2023-07-16 21:23:05 | 行ったもの(美術館・見仏)

 三連休の土日を使って、弾丸ツアーで関西の展覧会を見て来た。土曜が祇園祭・前祭の宵々山に当たっていたので、本格的に人出が多くなる前に少し見てまわった。2021年は後祭だったので、前祭の山鉾を見るのは久しぶりである。

 八坂神社に近いあたりでは、四条通りのアーケードに、ご神紋をあしらった丈の短い幕が張り渡されていた。白と黒の色合いなのが、ピリッとした神事らしくてよい。

 四条通りの月鉾。むかしはけっこう気楽に鉾に上がらせてもらったのだが、今年はどこも順番待ちの長い列ができていたのであきらめた。ご神体や懸装品を公開する会所への入場も(コロナ対策の意味もあって)制限しているところが多かったように思う。

 私の大好きな蟷螂山。

 しかし、粽、Tシャツ、扇子、全て完売だった。Tシャツは、毎年、デザインが変わるらしいのだが、来年もこれを継続販売してくれないかなあ。欲しい。

 船鉾も好きだ。2014年に復活した大船鉾よりもひとまわり小さいが、京都の狭い路地に現れると全く左右に余裕がない。舳先の金色の鷁(げき)がカッコいい。

 船尾の舵は黒漆塗螺鈿の飛龍文。
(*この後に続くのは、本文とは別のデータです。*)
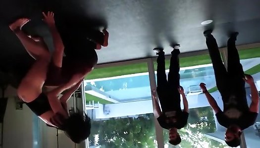 Muscle Mind-blowing Woman vs Man- teen cruise ship Standing Grappling Pinches
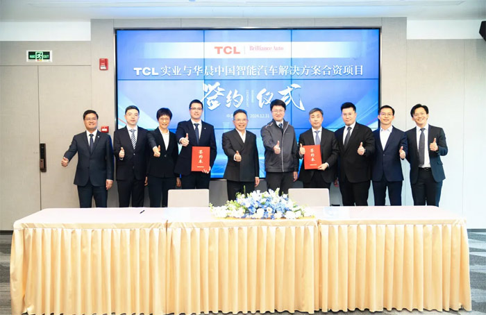 12月31日,华晨中国汽车控股有限公司与TCL实业控股股份有限公司在深圳签署智能汽车解决方案合资项目协议。华晨中国旗下沈阳金杯汽车工业控股有限公司与 TCL 恒时天瑞投资(宁波)有限公司将共同成立一家合资企业,专注于智能座舱及显示器组件的开发与制造。双方各持有合资企业 50% 的股权,总投资额达 14 亿元人民币,其中金杯汽控出资 7 亿元现金,TCL 宁波通过现金和注入资产的方式出资 7 亿元。

飛龍というより、龍の分類でいうと応龍かな。

 祇園祭のときは、町名が腑に落ちる。ここは船鉾町。

 ニュースによれば、宵々山の人出は28万人だったそうだ。う~ん、今年はコロナ明けで仕方ないが、もう少し加熱がおさまってくれることを望む。私は暗くなる前に離脱して、昨夜は奈良泊まりだった。